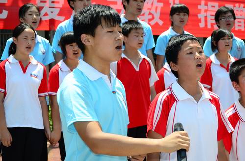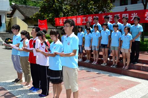 捐赠暨结对帮扶仪式结束之后,全体领导饶有兴致地欣赏了由实践队成员策划、排练的支教实践汇报演出,虽然天气酷热,但精彩的节目让台下不时响起了阵阵掌声。演出结束后,全体领导与实践队成员合影留念。
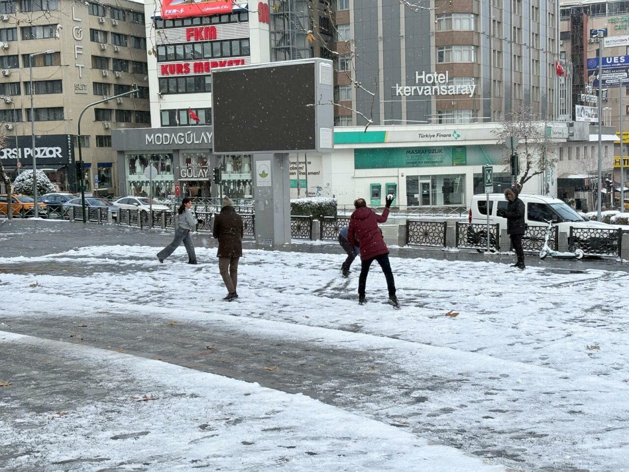 Özellikle 15 Temmuz Meydanı’nda toplanan vatandaşların kar topu oynadığı anlar, objektiflere renkli ve iç ısıtan kareler olarak yansıdı.
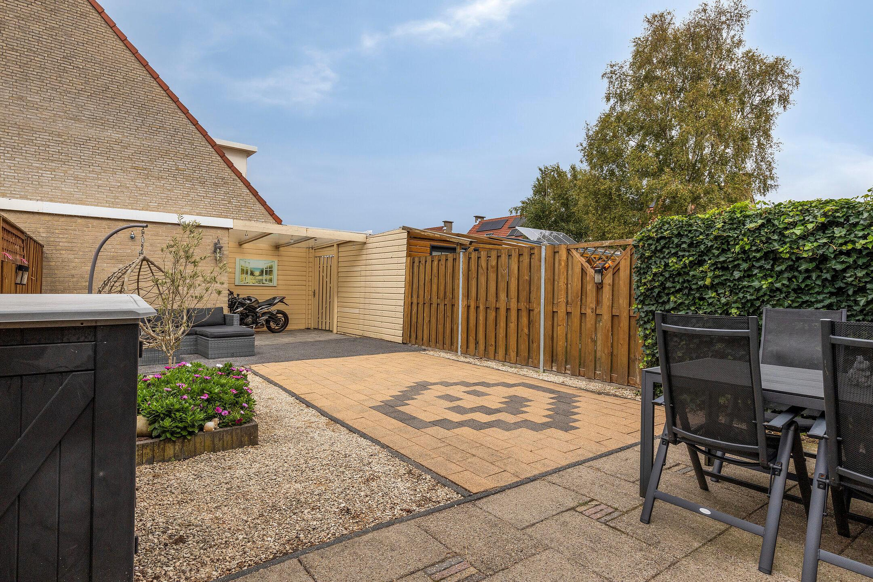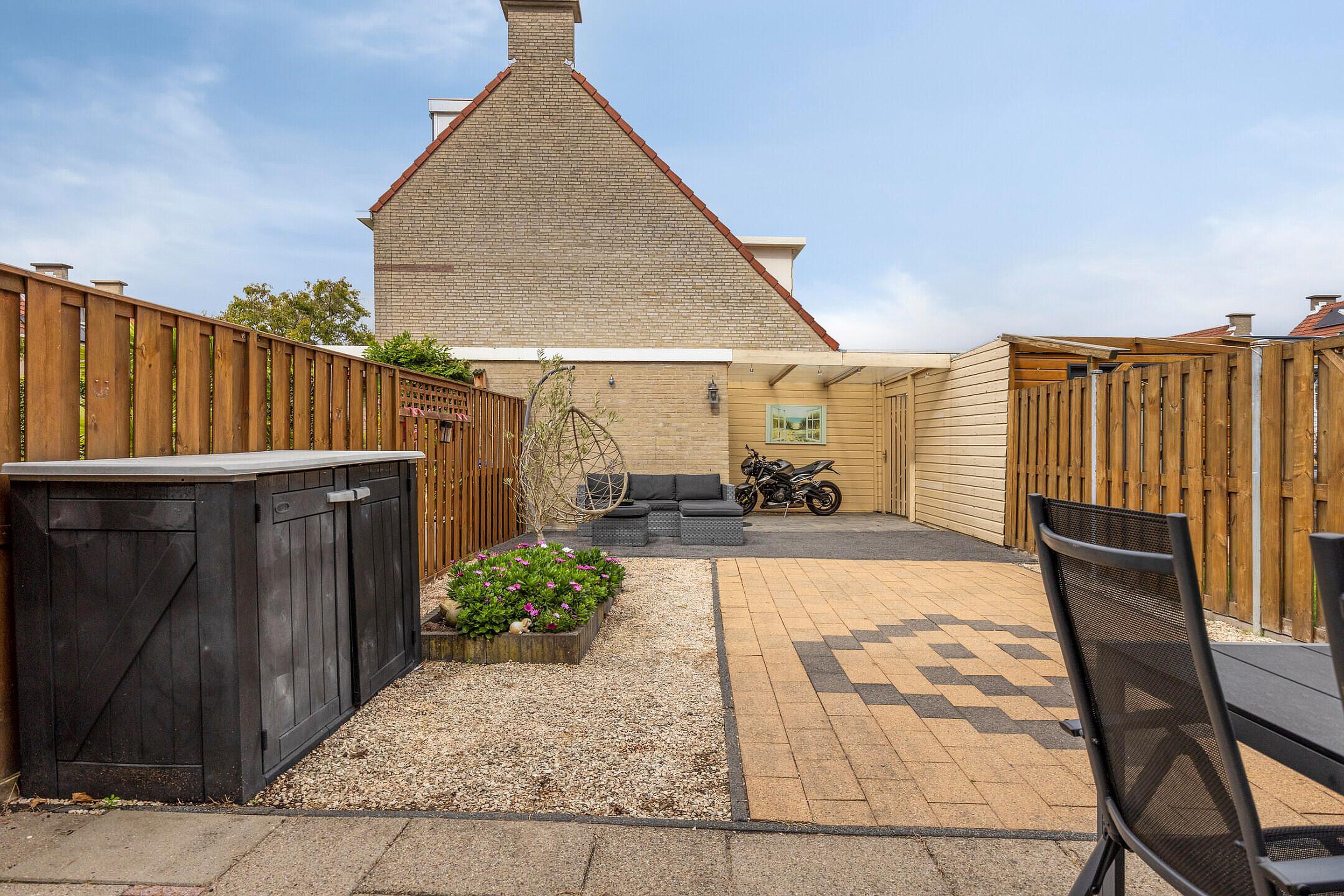 Via de tuindeur in de woonkamer bereik je het terras en de diepe tuin. Deze is speels ingedeeld in vijf zones: drie met tegels, één met grijs kunstgras en één met houtsnippers. In een van de verharde zones is een smiley verwerkt. Achterin bevinden zich een schuur en een achteruitgang. Vanaf het begin van het voorjaar kun je hier al genieten van de zon en schaduw.
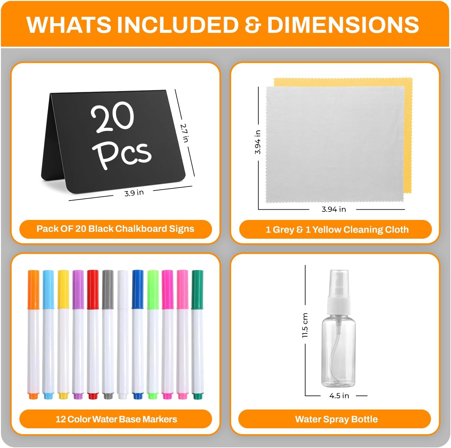 - •𝐏𝐚𝐜𝐤𝐚𝐠𝐞 𝐈𝐧𝐜𝐥𝐮𝐝𝐞𝐬:The package includes 20 mini chalk board signs measuring 4” x 3”, along with 12 Colorful chalks, 2 wiping cloths, and an empty spray bottle for easy cleaning and colorful labeling
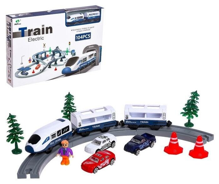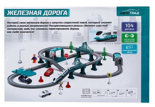 Купить Автоград Железная дорога «Экспресс», 104 детали, работает от батареек, подходит для деревянных железных дорог
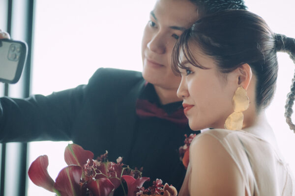 再入場やデザートビュッフェのシーンで新郎新婦2人が
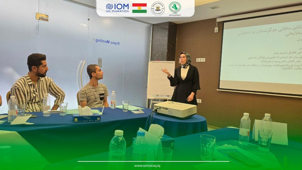 As part of the National Referral Program, and under the supervision of the Joint Crisis Coordination Center (JCC) of the Kurdistan Regional Government, the United Iraqi Medical Society for Relief and Development(UIMS), in partnership with the International Organization for Migration (IOM), conducted a series of psychological awareness sessions in the governorates of Erbil and Sulaymaniyah. These sessions were delivered by specialized trainers in the field of mental health.
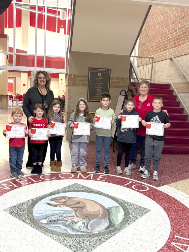The Calcutta Lions Club recently honored six Beaver Local Elementary students in grades pre-k through fourth with gift cards and a certificate for the second nine-week grading period. C.L.A.S.P. stands for Calcutta Lions Award for Student Proficiency. The Calcutta Lions want to honor students who exemplify outstanding character through demonstrating regular attendance, caring behavior, good listening skills, positive work habits and exemplary citizenship. Back row – Principal Brianne Hall and Lion Janet Christen: front row left to right: pre-K Aella Varsho, Kindergartner Alivia Knopp, 1st grader Elli Derenburger, 2nd grader Jack Stowers, 3rd grader Renesmay Bailey and 4th grader Benson Sterling. Congratulations and job well done! (Submitted photo)
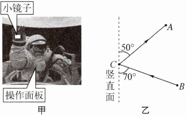 7. 航天员舱外作业时,宽厚的航天服限制了他的视野,为了看清胸前的操作面板,可以通过手腕处的小镜子(图甲)进行观察。图乙中A点代表航天员的眼睛,B点代表胸前某一按钮,C点是小镜子的位置,请你根据反射光路图在C点准确画出镜面并标出镜面与竖直面的夹角。(保留作图痕迹)
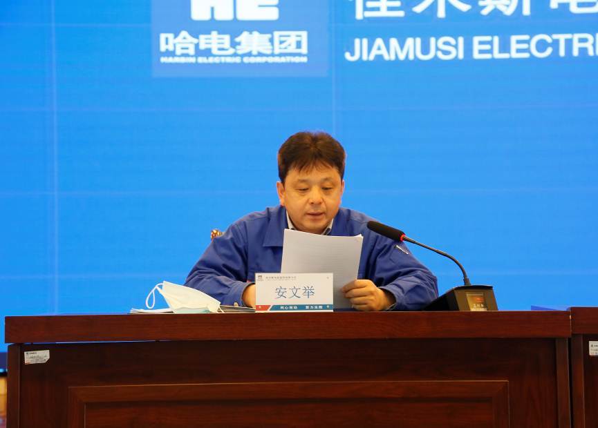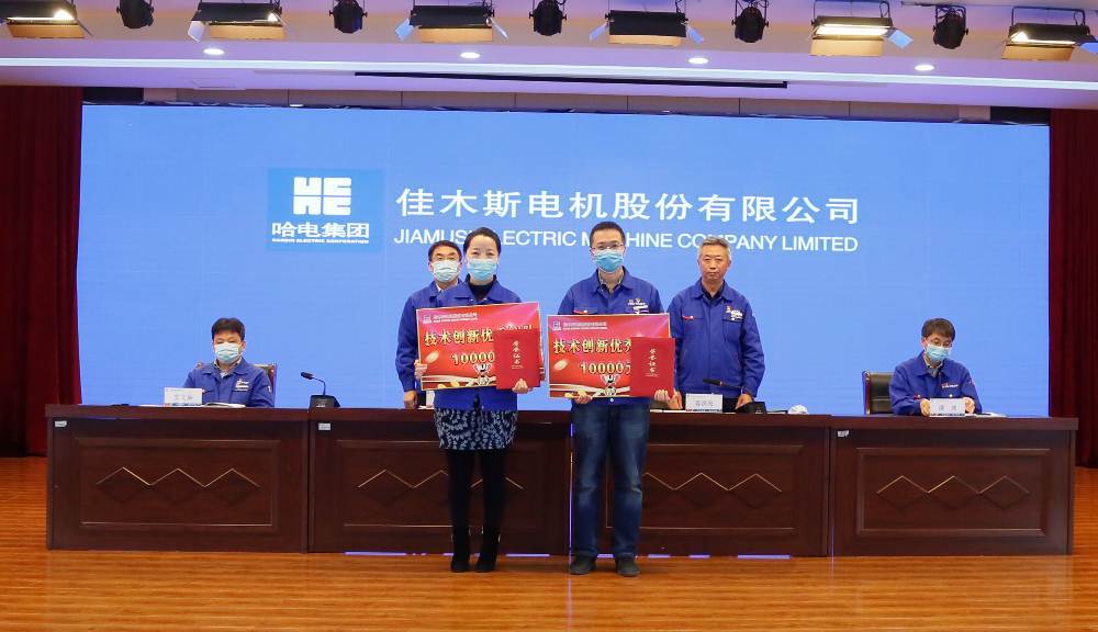 副總經(jīng)理安文舉宣讀了《哈爾濱電氣集團佳木斯電機股份有限公司關(guān)于2020年科技工作表彰獎勵的決定》,表彰了為公司科技事業(yè)做出突出貢獻的先進集體和先進個人,并為獲獎代表頒獎。
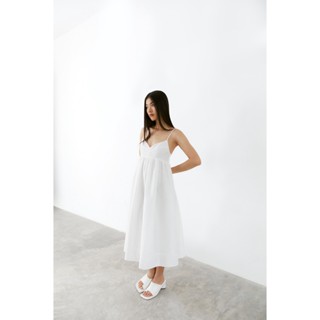 DOTTIE - Đầm midi vải organza nữ trắng D0395
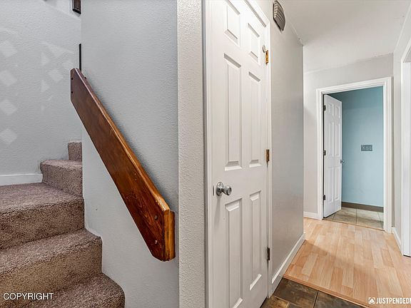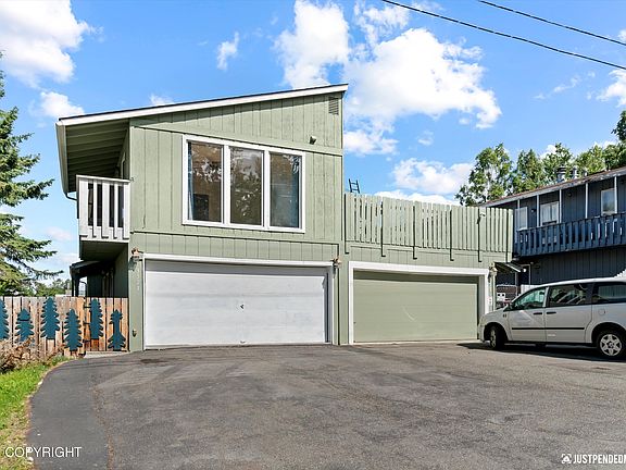 Main living space upstairs including dining area, kitchen with brand new built-in microwave & pantry closet, & large primary suite with walk-in closet, private bath, double vanities, & it's own deck. Downstairs has two good-sized bedrooms & interior access to the two-car garage. All centrally located near the U-Med district Chester Creek bike trail with it's own private yard and a shed.

------------------------------------------------------------

Directions:
Each line from the start of the listing above through the line with "Özellikle 15 Temmuz" is what to output, exactly as written and without pictures.

Solution for this task:
 捐赠暨结对帮扶仪式结束之后,全体领导饶有兴致地欣赏了由实践队成员策划、排练的支教实践汇报演出,虽然天气酷热,但精彩的节目让台下不时响起了阵阵掌声。演出结束后,全体领导与实践队成员合影留念。
 Özellikle 15 Temmuz Meydanı’nda toplanan vatandaşların kar topu oynadığı anlar, objektiflere renkli ve iç ısıtan kareler olarak yansıdı.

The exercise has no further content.